***** Data to examine
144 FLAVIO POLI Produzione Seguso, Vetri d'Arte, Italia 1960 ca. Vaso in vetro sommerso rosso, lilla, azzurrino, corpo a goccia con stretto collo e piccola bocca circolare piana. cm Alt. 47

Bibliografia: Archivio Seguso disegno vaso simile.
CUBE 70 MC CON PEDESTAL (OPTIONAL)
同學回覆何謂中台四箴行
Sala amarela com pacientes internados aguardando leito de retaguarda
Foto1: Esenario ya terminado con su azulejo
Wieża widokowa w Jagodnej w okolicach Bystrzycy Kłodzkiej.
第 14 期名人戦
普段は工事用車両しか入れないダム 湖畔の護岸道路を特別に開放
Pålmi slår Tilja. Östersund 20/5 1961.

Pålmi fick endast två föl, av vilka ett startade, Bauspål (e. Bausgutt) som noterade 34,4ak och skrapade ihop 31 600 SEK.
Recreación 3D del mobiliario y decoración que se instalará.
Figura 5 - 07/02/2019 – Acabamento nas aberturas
**********
***** Data to examine
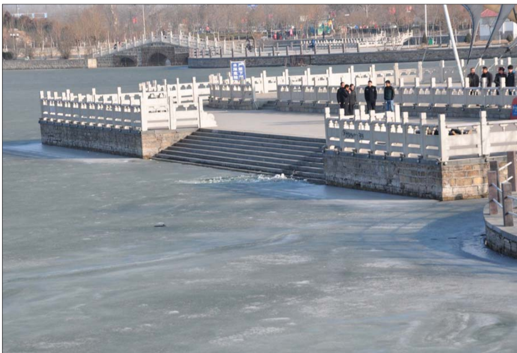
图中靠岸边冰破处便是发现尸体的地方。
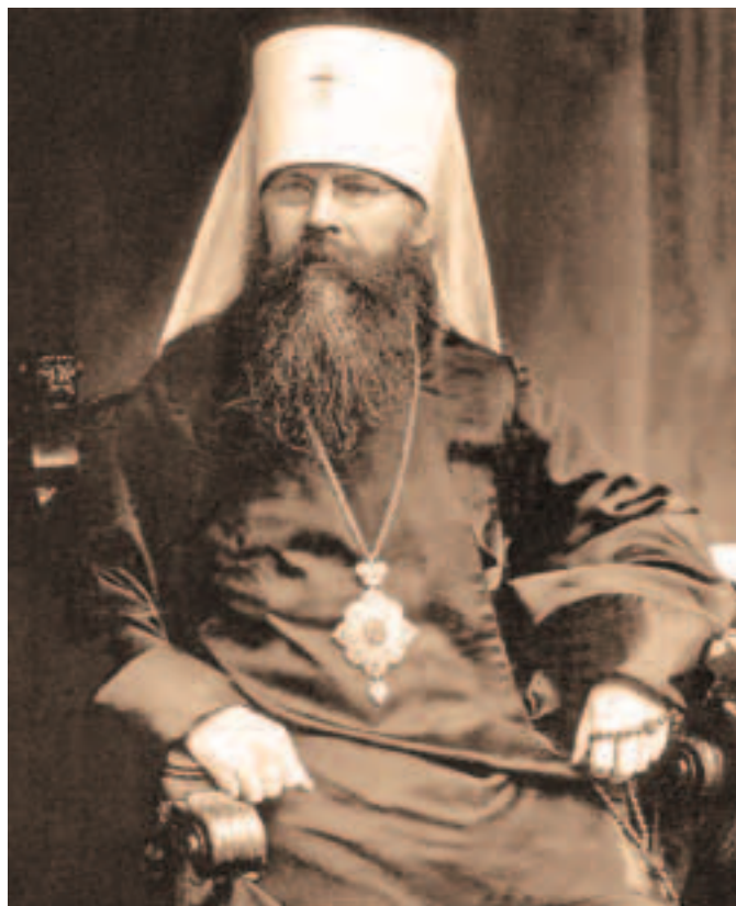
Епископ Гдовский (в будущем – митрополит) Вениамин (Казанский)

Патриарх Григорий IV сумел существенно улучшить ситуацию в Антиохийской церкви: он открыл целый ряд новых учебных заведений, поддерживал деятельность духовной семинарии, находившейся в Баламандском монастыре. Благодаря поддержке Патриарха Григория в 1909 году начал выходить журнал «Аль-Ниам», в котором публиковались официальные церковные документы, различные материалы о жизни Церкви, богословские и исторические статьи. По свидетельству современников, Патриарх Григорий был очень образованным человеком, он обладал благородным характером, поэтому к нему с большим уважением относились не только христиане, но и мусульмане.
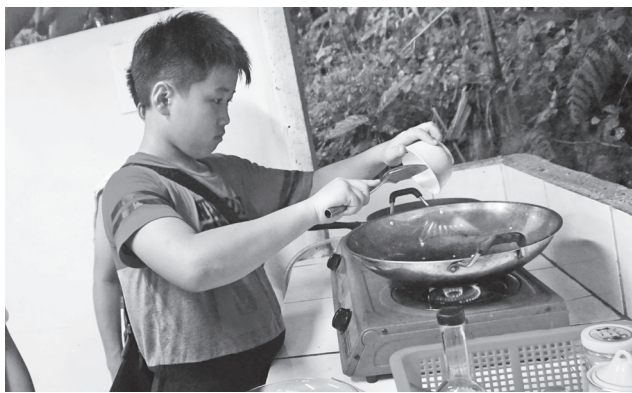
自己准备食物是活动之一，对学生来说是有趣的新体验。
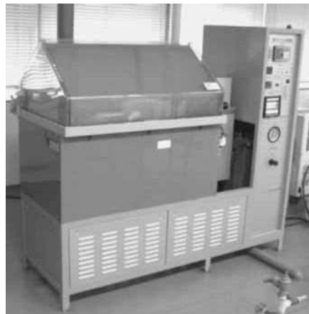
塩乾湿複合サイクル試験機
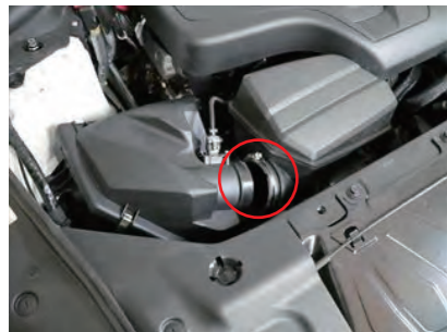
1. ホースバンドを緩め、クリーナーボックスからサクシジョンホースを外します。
**********
> Goal of the exercise: Please reproduce the lines from the line with "Wieża widokowa w" to the line with "Figura 5 - 07/02/2019", both ends included, exactly as they appear above.

> Solution to this exercise:
Wieża widokowa w Jagodnej w okolicach Bystrzycy Kłodzkiej.
第 14 期名人戦
普段は工事用車両しか入れないダム 湖畔の護岸道路を特別に開放
Pålmi slår Tilja. Östersund 20/5 1961.

Pålmi fick endast två föl, av vilka ett startade, Bauspål (e. Bausgutt) som noterade 34,4ak och skrapade ihop 31 600 SEK.
Recreación 3D del mobiliario y decoración que se instalará.
Figura 5 - 07/02/2019 – Acabamento nas aberturas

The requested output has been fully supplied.